Amid the destruction, a surgeon had hailed baby Sabreen al-Ruh’s survival as a miracle. She was the only member of her family left alive after her birth by caesarian section from her dying mother. Witnesses said an Israeli strike hit their home.

But the baby’s uncle, Rami al-Sheikh, told AFP on Friday that her condition had worsened and hospital staff could not save her.

Israel’s military offensive has turned vast swathes of Gaza into rubble, creating 37 million tonnes of debris that will take years to clear away, according to the UN Mine Action Service.

It said unexploded ordnance would complicate that work.

On Friday the European Union said it was giving an extra $73 million for food, water and other aid to Palestinians in Gaza “in light of the continued deterioration of the severe humanitarian crisis.”

The World Food Programme has warned famine is “a real and dangerous threat.”

In the southern Gaza city of Khan Yunis, where intense fighting raged in February, some residents said they preferred to return and live among the ruins.

“We are tired after seven months of displacement and struggle in the camps.

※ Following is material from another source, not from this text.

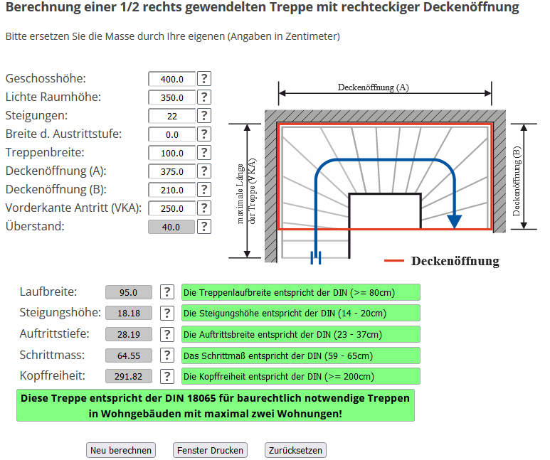 Wir haben uns über den Treppenrechner für DIN 18065 Treppen eine Treppe konfiguriert. Geschosshöhe ca. 4 m, der Durchbruch hätte ca. Maße von 375x210 cm.

So we insisted on returning and staying in a tent over the rubble of our home,” said Abdelqader Mohammed Qwaider.

Minister in car crash

The main aid agency in Gaza, the UN agency for Palestine refugees (UNRWA) has been under attack and lost some of its global funding since January when Israel said several UNRWA employees were involved in the October 7 resistance camapaign.

The United Nations immediately fired the accused staffers and began an investigation.

UN spokesman Stephane Dujarric on Friday said one case has been closed “as no evidence was provided by Israel to support the allegations against the staff member”.

Investigations into three other staffers were suspended as information provided by Israel is “not sufficient”, Dujarric said.

The Gaza war has led to increased violence between Israel and Iran’s proxies and allies, in particular the Iran-backed group Hezbollah along the border with Lebanon.

On Friday another pro-Hamas Lebanese group, Jamaa Islamiya, said an Israeli strike in eastern Lebanon had killed two of its senior commanders.

Off Yemen, a ship was damaged when targeted twice with multiple missiles Friday, in the latest attack on international shipping in the Red Sea to be claimed by Huthi rebels.

Near Tel Aviv, an 18-year-old woman was seriously wounded in a stabbing attack and the assailant was killed at the scene, said paramedics and police.

After addressing journalists there, Israel’s far-right National Security Minister Itamar Ben Gvir was among four people who received “light” injuries in a car crash, police said.

A dark-coloured sedan ended up on its roof in a pedestrian crossing, near a white car whose engine compartment was heavily damaged.